У другого стола — фронтовик издалека. Фронтовики каждый день появляются у этого стола. В нагрудном кармане письмо полка, корпуса, армии. Оно пойдет к Ленину через его друзей. И от Ленина, от его помощников, которые в тяжелое время сберегли и укрепили ленинский штаб, с трибуны столичной солдатской конференции делегат услышит ответное ленинское слово и повезет его к залитым кровью полям Тарнополя, к Трапезундским горам.

— Наказали мне: сам повидай Ленина, сам ему скажи от нас, да вот пока я ехал…

Скатанная шинель через плечо.

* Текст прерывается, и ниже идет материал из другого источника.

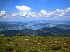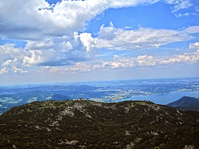 | Rückblick: Bischofsmütze , dahinter der Attersee |
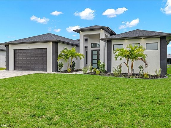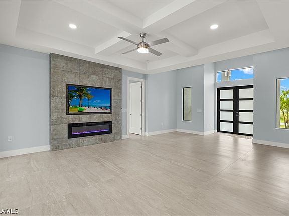 STUNNING New waterfront, pool home loaded with high-end designer finishes! From the elevated coffer ceilings to the custom Built-In fireplace with mounted 65” flat screen TV, this home is nothing less than impeccably done with Ultra modern color scheme and finishes inside and out! Upgraded stainless steel appliances, quartz countertop with waterfall edge! 24 x 48 modern porcelain tiles throughout! Walk-through shower with designer tile and modern free standing tub! Double sets of pocket sliders in the great room area! Huge under Truss lanai with beautiful pool and extended paver deck for lots of sunning area!!! Very large pantry/storage room right off of kitchen can be used for pantry or owners storage if you use this as a vacation rental. Beautifully appointed pool bath with designer tile. New seawall, auto sprinkler system with beautiful landscaping. Incredible neighborhood close to everything with new homes surrounding and a quiet street! 10 minutes to Cape Coral Beach, Close(two minutes) to shopping, 15 minutes to waterfront dining areas and entertainment! NOT IN A FLOOD ZONE!! This home is an absolute must see!! Please check out the 3-D tour!
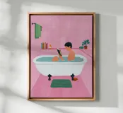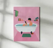 Vista dall'alto di una persona che si rilassa in un bagno di schiuma, leggendo un libro. La scena in un bagno piastrellato di rosa è una rappresentazione perfetta della cura di sé, della tranquillità e della fuga pacifica.
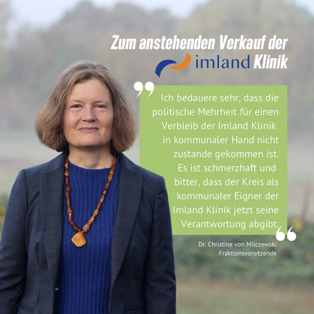Die Imland Klinik übernimmt für den Kreis den wichtigen Auftrag der stationären Krankenhausversorgung. Die medizinische Grund- und Regelversorgung mit stationären Krankenhausleistungen ist und bleibt nach dem Gesetz Aufgabe des Kreises. Gerade deswegen waren wir dafür, dass der Kreis seinen Einfluss und sein Eigentum an der Klinik behält.

Она служит свой второй, третий срок второму, третьему человеку. Ее снимали с убитых. Развернуть — увидишь пятна ружейного масла, замытой крови. На боку бачок, три года заменяющий чайник и тарелку. Вещевой мешок, который три года служит подушкой.

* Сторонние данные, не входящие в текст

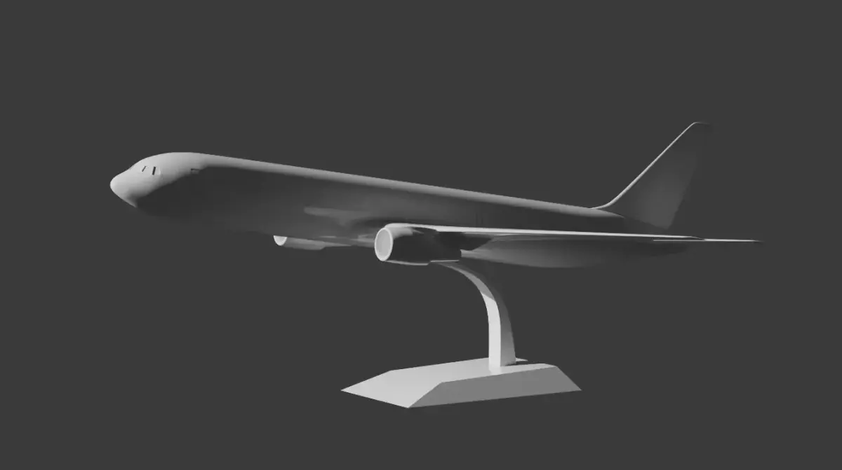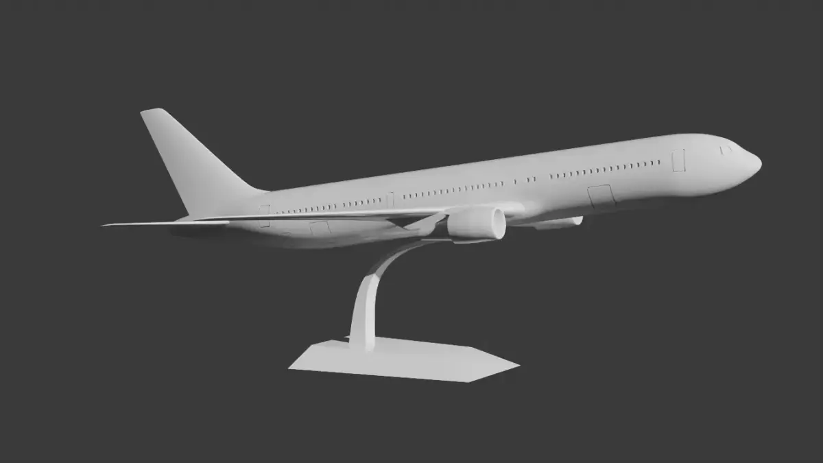 This is a 3D printable model of a Boeing 767-300 without Sharklets. It includes a display stand. I recommend using acrylic paint and then applying a coat of varnish once finished.
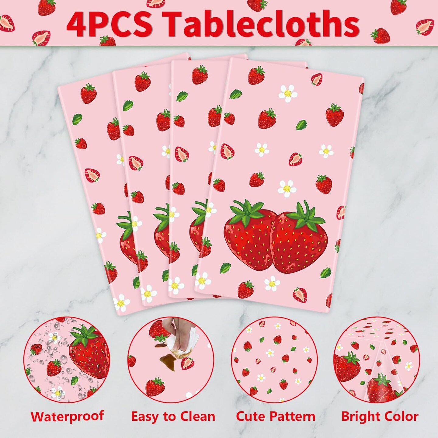 4 Pack Pink Strawberry Table Cloth
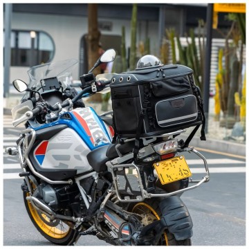De koffer kan middels de meegeleverde universele bevestigingsriemen op bijna alle achterdragers van scooters, motoren of trke's worden geïnstalleerd.

Лицо, посеревшее от окопной бессонницы, от зыбкой дремы, прерываемой канонадой, толчком офицера, смертью соседа.

Сколько дней он пробирался к Ленину в столицу! Он спал под дождем на вагонных крышах, на вокзальных плитах узловых станций. И вот развязан вещевой мешок.

— Передайте Ленину наши фронтовые подарки.

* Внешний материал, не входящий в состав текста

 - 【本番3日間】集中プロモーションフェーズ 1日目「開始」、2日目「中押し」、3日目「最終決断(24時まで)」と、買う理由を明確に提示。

Пепельница, выточенная из шрапнельного стакана. Острием штыка нанесено имя Ленина.

— Да он не курит, товарищ.

— Все одно, пусть у него на столе будет. А вот и место, где мы стоим.

Маленькая картина в рамке из колючей проволоки. Полковой художник, как мог, но вдохновенно, нарисовал землянку после обстрела. Вывороченные бревна, сорванная с петель дверь, пробитый ржавый чайник, папаха на земле. Вокруг изрытое поле — ни травы, ни куста, в воздухе рвется шрапнель.

Тяжелая плетка-треххвостка.

— Мы ее у румынского офицера отобрали. Солдат он стегал ею. Хотели при народе ею офицеру всыпать, да полковой комитет не позволил.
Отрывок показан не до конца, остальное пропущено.